Making sense of the numbers.
Measuring statistics is one thing, making sense of them is quite another. Everyday in the press, on television, in internet journals someone states a reason why something occurred the day before, or will occur tomorrow, and cites a statistic as justification, such as labor and employment data, or Fed funds, or the price of oil.
The search for meaning and order from statistics is what I call the “kitchen table” approach to portfolio management. Simply, it is the ability to tell a story which resonates around the home front, and which has enduring moral, ethical and statistical validation.
I believe that too often statistics are used as justification for things that don’t make sense at the kitchen table.
Take oil prices, for example.
Statisticians would like you to believe, today, that we are experiencing a reversal downwards in the price of a barrel of oil from its highs of seven months ago.
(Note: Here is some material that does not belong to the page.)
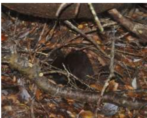
Figura 3. Fotografía obtenida de un ejemplar de visón Neovison vison en el bosque costero del islote Albatros.

After all, $50 (as an integer) is less than $80. True. But that argument fails to consider the secular 10 and 20 year trend of the commodity during which the price of brent crude has more than doubled in the last 5 years, alone.
In other words, you know it as well as I, that a depleting natural resource is becoming scarcer and more politicized as time goes by.
It’s more complex than it seems.
And, interestingly, the wider the aperture of discovery, the more blatant the disconnect between statistics and “real life”.
While lower interest rates might stimulate spending and borrowing, for example, they really precipitate more speculation rather than greater investment. Lower interest rates have created the home building surge and the stock market revitalization.
Aware that there is less money for discretionary purchases, corporate America uses excess liquidity to buy back shares in the open market or to acquire competitors for strategic advantage, in lieu of plowing profits or capital into research or higher dividends.
Hardly the noble purpose of economic statistics.
The cycle uptrend of global baskets is exaggerated unrealistically by the manipulation and reporting of statistics that constantly fail the kitchen table examination.
It’s less complex than it seems.
In fact, just look at the items on the table. Coffee costs more, as do grains (cereal, bread). Dairy is more expensive, as is sugar. Indeed, the overall secular trend is towards inflation and higher prices. Temporary interruptions in the secular trend by cyclical anomalies should be ignored, unless you are a trader who profits from short term gyrations in the market. Investors should pay heed, and position their portfolios into an asset allocation model that reflects the global topography and trend awareness that would yield positive long-term performance.
The future is absolutely predictable if one follows the statistics within an orderly methodology (Arlington Econometrics, for example) that is designed to mirror long term trends, capital appreciation potential, and earnings acceleration patterns.